* _What needs to be done_
Output each record verbatim, with pictures left out.

* _Available data_
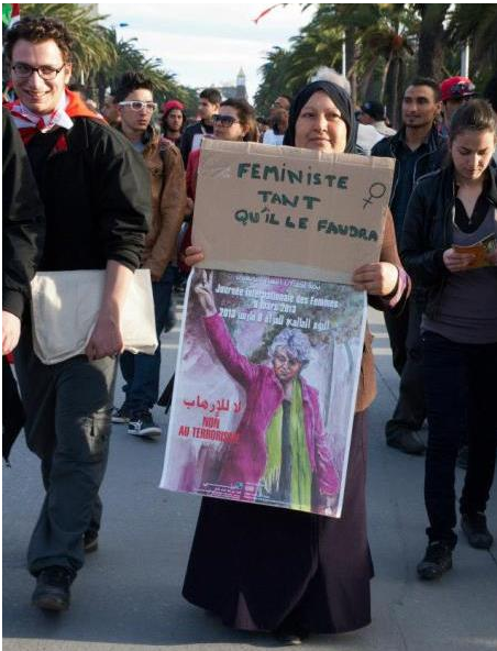
Manifestation au Forum social mondial, Tunis, 2013, Photo: Judith Trudeau

La composition étudiante n'est évidemment pas homogène d'un collège à l'autre. Ainsi, enseigner au Vieux Montréal et enseigner à Lionel-Groulx, cela ne veut pas dire la même chose. Les étudiantEs devant nous ne sont pas les mêmes, n'ont pas le même parcours ni les mêmes réalités.
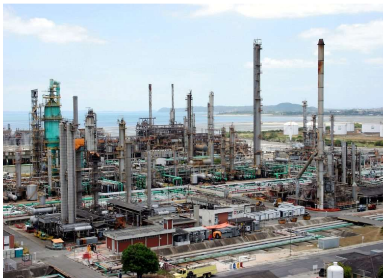
Figura 2: da Refinaria Presidente Bernardes – RPBC.

A RPBC possui uma grande estação de tratamento de efluentes, dada a própria capacidade dela de processamento por dia de barris de petróleo. Em razão de sua capacidade de processamento o tamanho da estação é justificado, uma vez que ela recebe os mais variados tipos de efluentes, o que implica em uma variação na composição dos dejetos oriundos deste processo. Como é esperado, todo e qualquer tipo de despejo industrial precisa passar pelas estações de tratamento antes de serem lançados ao seu destino final, que no caso é o Rio Cubatão.
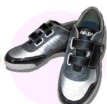
レンタルシューズ
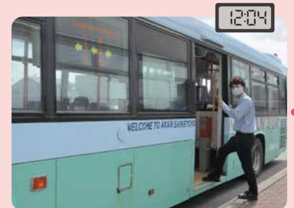
摩周大通 から乗車
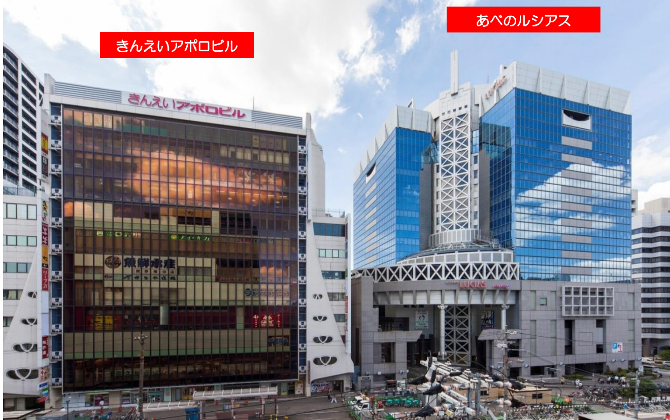
きんえいアポロビル

シネマ、グルメ、ショッピング、サービス、フィットネス、大型書店等約110店舗が揃った大型商業ビル
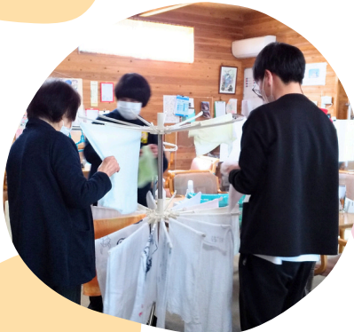
タオル干しのお手伝い お家でもできるかな？
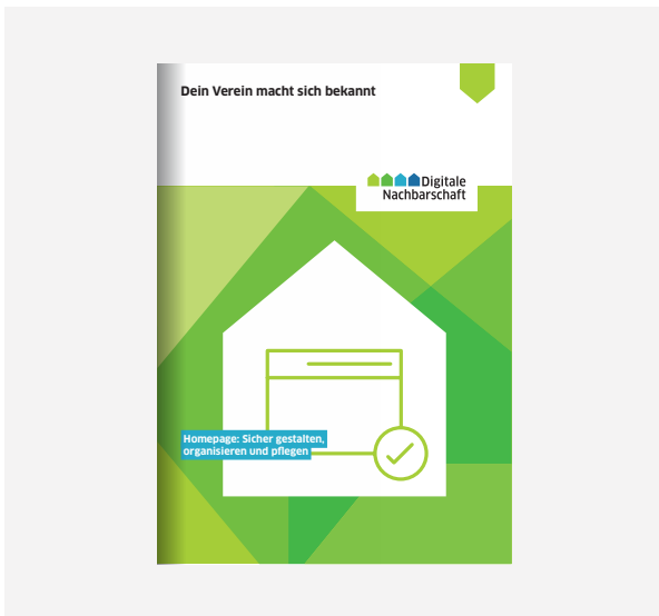
DiNa-Handbuch „Homepage: Sicher gestalten, organisieren und pflegen“
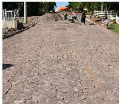
Rua José Galina
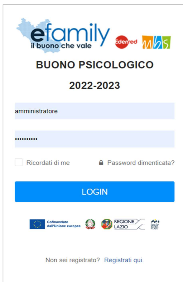
FIG. 2 – PAGINA DI LOGIN

Nel caso in cui il Richiedente smarrisca la password d’accesso sarà possibile richiederne una nuova cliccando su “Password dimenticata?” (Fig. 2). Sarà inviata una nuova password all’indirizzo email indicato al momento della registrazione.
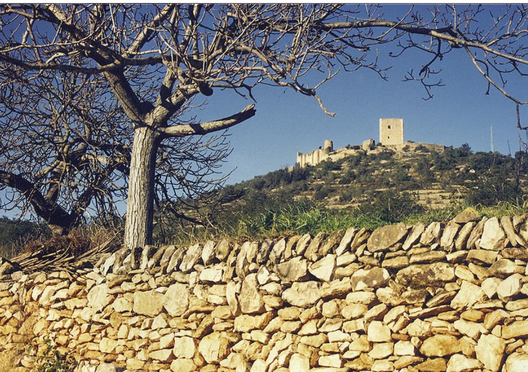
Castell d'Ulldecona.

Ulldecona no tornaria a ser escenari bèl·lic d'importància perquè al gener de 1811 els francesos van conquerir Tortosa i van controlar la situació, almenys fins a l'any 1813. Malgrat tot, s'hi va produir un petit incident digne de menció: l'11 d'abril de l'any 1811, la columna francesa que controlava Ulldecona va sortir en direcció a Vinaròs i Benicarló per confiscar-hi menjar, la qual cosa va ser aprofitada per un cos de cavalleria i infanteria espanyols, que van confiscar cent bagatges al poble. Malauradament, aquest cos va ser vist pels húsars i cuirassers gals i es va muntar una batalla ferotge en la qual els patriotes van perdre cinquanta homes prop d'Ulldecona.

* _Final answer_
Manifestation au Forum social mondial, Tunis, 2013, Photo: Judith Trudeau

La composition étudiante n'est évidemment pas homogène d'un collège à l'autre. Ainsi, enseigner au Vieux Montréal et enseigner à Lionel-Groulx, cela ne veut pas dire la même chose. Les étudiantEs devant nous ne sont pas les mêmes, n'ont pas le même parcours ni les mêmes réalités.
Figura 2: da Refinaria Presidente Bernardes – RPBC.

A RPBC possui uma grande estação de tratamento de efluentes, dada a própria capacidade dela de processamento por dia de barris de petróleo. Em razão de sua capacidade de processamento o tamanho da estação é justificado, uma vez que ela recebe os mais variados tipos de efluentes, o que implica em uma variação na composição dos dejetos oriundos deste processo. Como é esperado, todo e qualquer tipo de despejo industrial precisa passar pelas estações de tratamento antes de serem lançados ao seu destino final, que no caso é o Rio Cubatão.
レンタルシューズ
摩周大通 から乗車
きんえいアポロビル

シネマ、グルメ、ショッピング、サービス、フィットネス、大型書店等約110店舗が揃った大型商業ビル
タオル干しのお手伝い お家でもできるかな？
DiNa-Handbuch „Homepage: Sicher gestalten, organisieren und pflegen“
Rua José Galina
FIG. 2 – PAGINA DI LOGIN

Nel caso in cui il Richiedente smarrisca la password d’accesso sarà possibile richiederne una nuova cliccando su “Password dimenticata?” (Fig. 2). Sarà inviata una nuova password all’indirizzo email indicato al momento della registrazione.
Castell d'Ulldecona.

Ulldecona no tornaria a ser escenari bèl·lic d'importància perquè al gener de 1811 els francesos van conquerir Tortosa i van controlar la situació, almenys fins a l'any 1813. Malgrat tot, s'hi va produir un petit incident digne de menció: l'11 d'abril de l'any 1811, la columna francesa que controlava Ulldecona va sortir en direcció a Vinaròs i Benicarló per confiscar-hi menjar, la qual cosa va ser aprofitada per un cos de cavalleria i infanteria espanyols, que van confiscar cent bagatges al poble. Malauradament, aquest cos va ser vist pels húsars i cuirassers gals i es va muntar una batalla ferotge en la qual els patriotes van perdre cinquanta homes prop d'Ulldecona.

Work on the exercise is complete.